TASK DESCRIPTION:
Output each line of the data below exactly, omitting any image.

DATA PROVIDED:
---
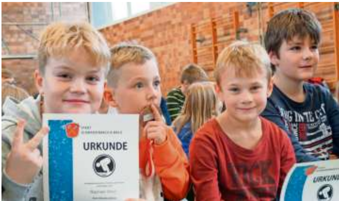
Die Kinder und Jugendlichen kämpften bei den 40. offenen Stadtmeisterschaften um Urkunden.

Die Klassenpreise für die Grund- und Mittelschule Schwarzenbach am Wald wurden nach Teilnehmerzahl prozentual vergeben. Hier siegte die Klasse 4a mit 44 Prozent. Die Schüler dürfen sich auf ein Essen mit dem Bürgermeister freuen. 43 Prozent erreichte die Klasse 3a und 35,1 Prozent die Klasse 2a. Sie erhalten einen Zuschuss für die Klassenkasse.
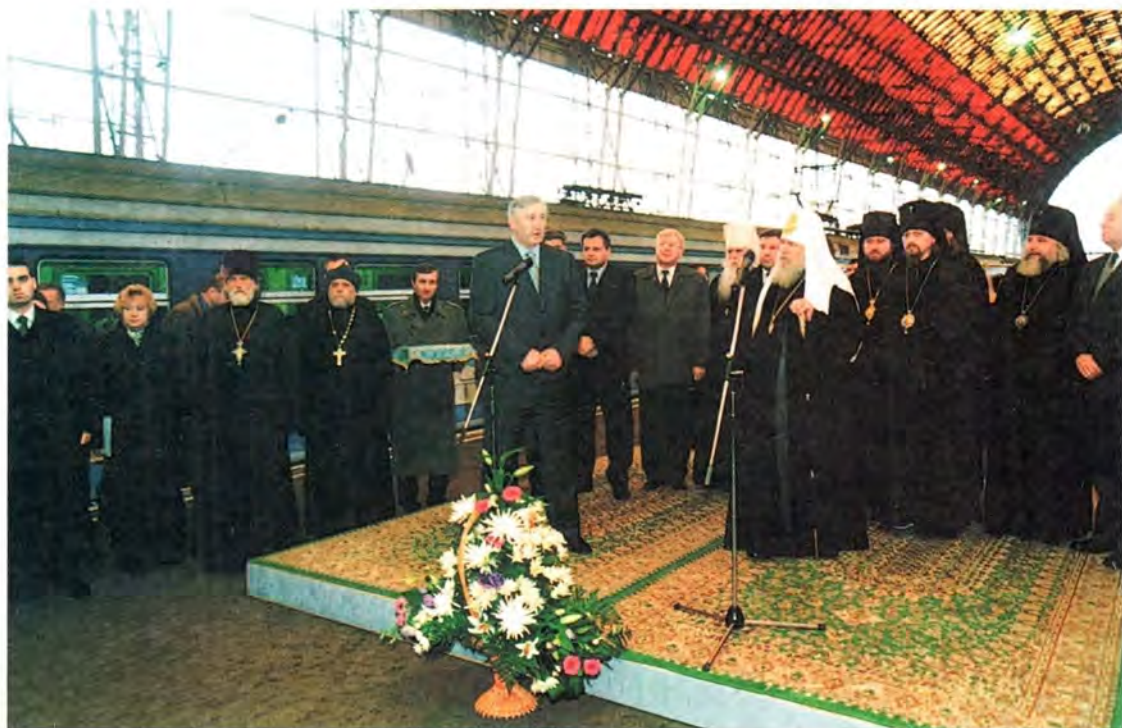
Святейший Патриарх Алексей и министр Н. А. Аксененко во время церемонии

посещение церкви в честь Смоленской иконы Божией Матери, именуемой «Одигитрия» (Путеводительница), помогало людям найти путь к Богу и к храму.
---
TASK ANSWER:
Die Kinder und Jugendlichen kämpften bei den 40. offenen Stadtmeisterschaften um Urkunden.

Die Klassenpreise für die Grund- und Mittelschule Schwarzenbach am Wald wurden nach Teilnehmerzahl prozentual vergeben. Hier siegte die Klasse 4a mit 44 Prozent. Die Schüler dürfen sich auf ein Essen mit dem Bürgermeister freuen. 43 Prozent erreichte die Klasse 3a und 35,1 Prozent die Klasse 2a. Sie erhalten einen Zuschuss für die Klassenkasse.
Святейший Патриарх Алексей и министр Н. А. Аксененко во время церемонии

посещение церкви в честь Смоленской иконы Божией Матери, именуемой «Одигитрия» (Путеводительница), помогало людям найти путь к Богу и к храму.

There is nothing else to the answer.